NOTE: This monologue is reprinted from Read-aloud Plays. Horace Holley. New York: Mitchell Kennerley, 1916.

THE MAN

Brilliance—I’ll tell you what that was, at least for me. I wrote several things that people called “brilliant.” One in particular, a little play of decadent epigram. It was acted by amateurs before an admiring “select” audience.

That was when I was twenty-one. From about sixteen on I had been acutely miserable—physically miserable. I never knew when I wouldn’t actually cave in. I felt like a bankrupt living on borrowed money. Of course, it’s plain enough now—the revolt of starved nerves.

I cared only for my mind, grew only in that, and the rest of me withered up like a stalk in dry soil. So the flower drooped too—in decadent epigram. But nobody pointed out the truth of it all to me, and I scorned to give my body a thought.

People predicted a brilliant future—for me, crying inside! Then I married. I married the girl who had taken the star part in the play. According to the logic of the situation, it was inevitable. Everybody remarked how inevitable it was.

A decorative girl, you know. She wanted to be the wife of a great man…. Well, we didn’t get along. There was an honest streak in me somewhere which hated deception. I couldn’t play the part of “brilliant” young poet with any success.

She was at me all the while to write more of the same thing. And I didn’t want to. The difference between the “great” man I was supposed to be and the sick child I really was, began to torture. I knew I oughtn’t to go on any further if I wanted to do anything real.

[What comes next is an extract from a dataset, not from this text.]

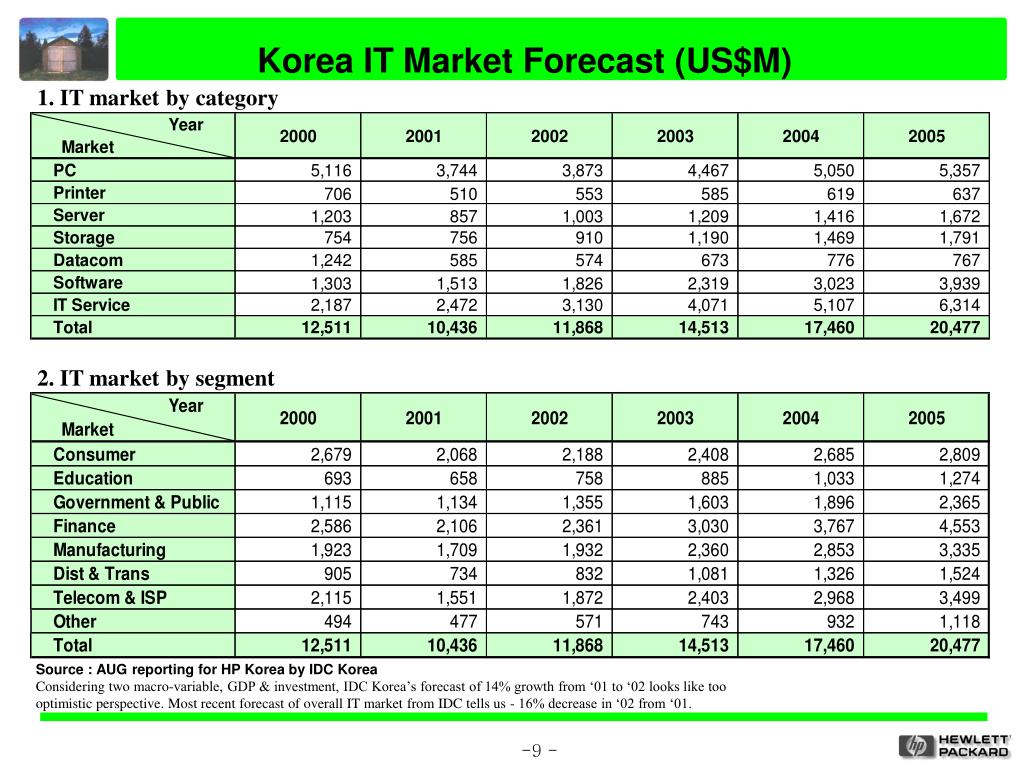 Korea IT Market Forecast (US$M) 1. IT market by category 2. IT market by segment Source : AUG reporting for HP Korea by IDC Korea Considering two macro-variable, GDP & investment, IDC Korea’s forecast of 14% growth from ‘01 to ‘02 looks like too optimistic perspective. Most recent forecast of overall IT market from IDC tells us - 16% decrease in ‘02 from ‘01.

Then one night we had an “artistic” dinner. My wife had gotten hold of a famous English poet, and through him a publisher. The publisher was her real game. I drank champagne before dinner so as to be “brilliant.” I was.

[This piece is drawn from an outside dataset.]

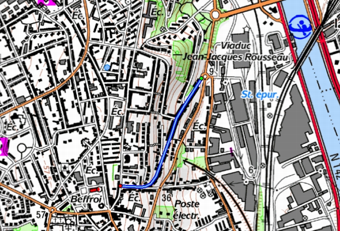 Entre la rue des Hauts-Fourneaux et la rue Edouard Vaillant en contre-bas, il y a « la Grimpette » (qui a donné son nom à l’arrêt de bus) : une pente de 200m à 11 % (maximum à plus de 20 %, altitude maximum à 36m).

And before I realized it, Norah had secured a promise from the publisher to bring out a book of plays. I remember she said it was practically finished. But it wasn’t, only the one, and I hated that. But I sat down conscientiously to write the book that she, and apparently all the world that counted, expected me to write.

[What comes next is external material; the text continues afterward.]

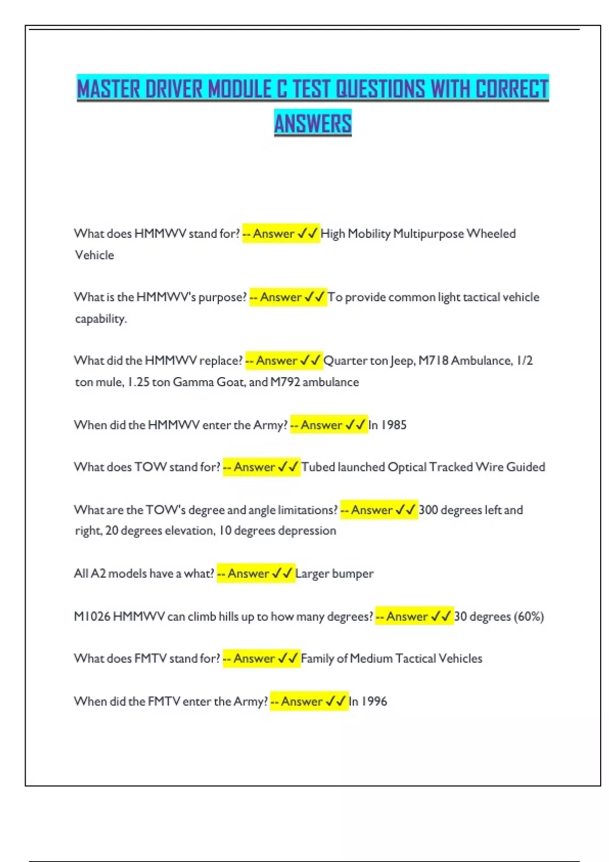 MASTER DRIVER TRAINER MODULE B TEST QUESTIONS WITH VERIFIED ANSWERS.

Well, I couldn’t write it. Not a blessed word! Something inside me refused to work. And there I was. In a month or so she began to ask about it. Norah thought I ought to turn them out while she waited. I walked up and down the park one afternoon wondering what to tell her….

And when I realized that either she would never understand or would despise me, I grew desperate. I wrote her a note, full of fine phrases about “incompatibility,” her “unapproachable ideals,” the “soul’s need of freedom”—things she would understand and wear a heroic attitude about—and fled.

I came here…. In a few months I was quite forgotten. That was one of the healthful things I learned. Well, I was a wreck when I came here, I wanted only to lie down under a tree…. And there it was, under that tree yonder, my salvation came.

Hunger. That was my salvation. Simple, elemental, unescapable appetite. You see I had no servant, no one at all. So I had to get up and work to prepare my food…. It was very strange. Compared with this life, my life before had been like living in a locked box.

Some one to do everything for me except think, and consequently I thought too much. But here the very fact of life was brought home to me. I spent weeks working about the house and grounds on the common necessities.

By the time winter came on the place was fit to live in—and I was enjoying life. All the “brilliance” had faded away; I was as simple as a blade of grass. For a year I didn’t write a word. I had the courage to wait for the real thing, nobody pestering me to be a “genius”!

Some day you may read that first book. People said I had re-discovered the virtue of humility. I had.